After an hour’s ferocious drill, he took himself to Sergeant Peters and reported the incident, angry that he had lost control, angry at the marine officer and the army. It was the kind of helpless anger he had felt working in the Great Dismal—the first time he had felt that way since his group had found the army.

Peters had a good tent, courtesy of Mr. Robinson, and he sat on a tiny stool that had probably started life next to a fireplace or a kitchen hearth. He was so much too big for the stool that it vanished under him. Next to him was
a small straw pallet in a forage bag. His backpack was open at the far end of the pallet.

“Ah, Caesar. I would like to offer you a place to sit, but…”

“Sergeant Peters, I have to report that I struck two of my men in suppressing a mutiny.”

Peters looked up his long nose at Caesar thoughtfully, and fumbled in his waistcoat pocket for his eyeglasses.

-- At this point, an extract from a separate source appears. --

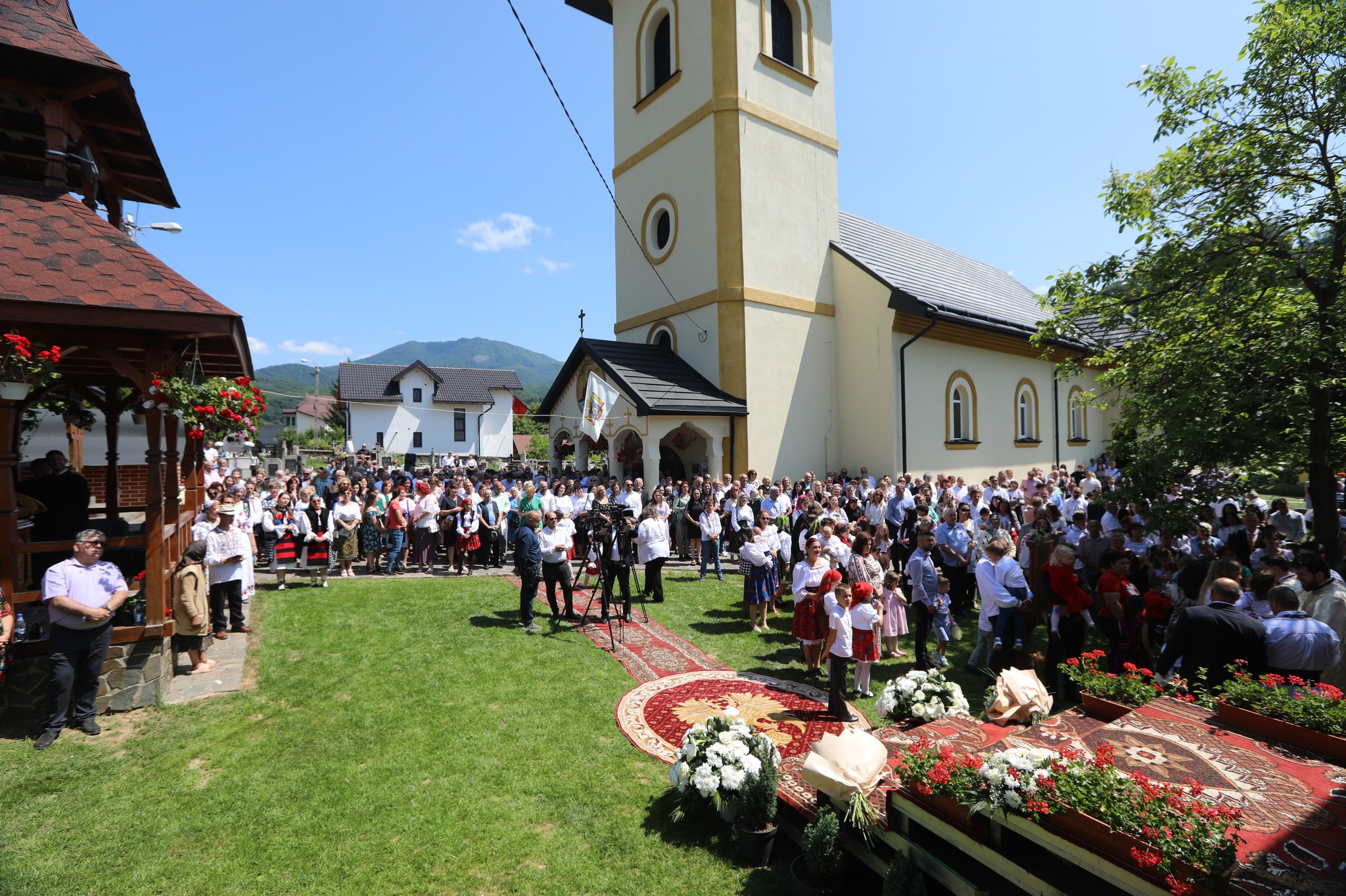 Am sfințit-o în 2020. Părintele Teodor Podină a ctitorit acea biserică și atunci, în acea toamnă când am sfințit-o, din păcate, datorită pandemiei, și-a încheiat și călătoria pământească. Dumnezeu să-l odihnească. Astăzi aici păstoresc părintele George Breaz, urmașul seniorului George Breaz, care a păstorit până în 1998, împreună cu părintele Octavian Andreica. Îi felicităm și arătăm apreciere și prețuire pentru ceea ce au realizat. Au construit și o capelă mortuară în incinta bisericii. Deci toate sunt după rânduială și toate sunt bune și frumoase, care, pe de o parte, arată vrednicia păstorilor de suflete, pe de altă parte, dărnicia credincioșilor, care susțin lucrările și, de ce nu, simfonia dintre biserică și autorități, biserică și școală, care aduce multă bucurie, pace și lumină. Slavă lui Dumnezeu pentru toate!”, a spus PS Iustin.

“The ground is hard even with the straw, and the nights are cold. The rest of you can curl around each other for warmth, but I have the solitary splendor and the lack of warmth it brings, and I’m stiff in the morning.”

His fingers couldn’t work the catch on the eyeglass case, and he had to concentrate for a moment and press it repeatedly till he opened it. Then he brought the glasses out slowly, as if treasuring them, and slowly unfolded the lappets before he pulled them over his ears and tied the ribbon. They transformed his face from that of a tired man to that of a scholar.

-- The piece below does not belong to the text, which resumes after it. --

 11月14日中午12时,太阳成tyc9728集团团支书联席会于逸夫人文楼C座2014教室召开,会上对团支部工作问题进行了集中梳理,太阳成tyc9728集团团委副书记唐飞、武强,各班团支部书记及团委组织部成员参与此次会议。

“Tell me about this mutiny, Caesar.”

“Willy, Romeo an’ Paget…”

“Willy, Romeo
and
Paget.”

“Willy, Romeo and Paget refused to take up their muskets for drill.”

“Perfectly understandable.”

Caesar, bent over in the entrance to the tent and looking down at his sergeant, almost vibrated with shock.

“Sergeant?”

“I’m sure it has come to your attention that we are being used as a labor force and not as soldiers?”

“Yes, Sergeant.”

“So the mutiny is quite understandable.”

Caesar shook his head, almost imperceptibly.

“Caesar, when men are treated badly, they behave badly. Willy and Paget have always been slaves, correct?”

“Yes, Sergeant.”

“As such, they know only one code: when mistreated, slow down. You are lucky they didn’t spoil their muskets. Breaking tools is an honored practice, as I’m sure you know.”

“I’ve done it myself, Sergeant.”

“Good. Now you see their point of view. I’m glad I’ve shocked you, Caesar; you need to understand how other men think and feel if you plan to lead them. You expect too much from men; you expect them all to behave as you do. How did you handle them?”

“I beat them.”

Peters looked at him, his head tilted a little, and he reminded Caesar for a moment of Colonel Washington speaking to a particularly intelligent puppy. He had tilted his head in just such a way.

“And did they drill?”

“They did.”

“It sorrows me to say it, but that is definitely one way of dealing with a mutiny. The best way, I think.”

“Thank you, Sergeant.”

“No, Caesar, you mistake me. It is the best way of dealing with a mutiny once it has become open. But I want you to consider how it became open, and how that might have been avoided. I have feared this for some days. I believe I mentioned it to you. In future I hope you will keep such instances from eventuating by giving the handling of the men your very best attention.”

“Yes, Sergeant.”

“Do you have your roll? Give it here. That is still the most oddly formed ‘R’ in Christendom, Caesar. Look at the letters I wrote out for you. Tonny deserves a surname; only slaves have just one. See to it.”

“Yes, Sergeant.”

“Same for Long Tom.”

“Yes, Sergeant.”

“Lessons tonight, after dinner is cooked. And our women
are being landed tomorrow. Take your squad of inspection down to the beach and see to it that we get the same women we had before. No harlots, if you please.”

Something in his tone gave Caesar the hope that he would be forgiven. The shock of censure had not been so deep. He recognized, even as Peters was speaking, the essential truth of his words, and realized that he had felt guilty about the incident and his use of force even as it happened. Yet he did resent that it had happened at all, and he was torn by conflicting feelings of anger and guilt. If Captain Honey were a decent man to the black soldiers, none of this need have happened.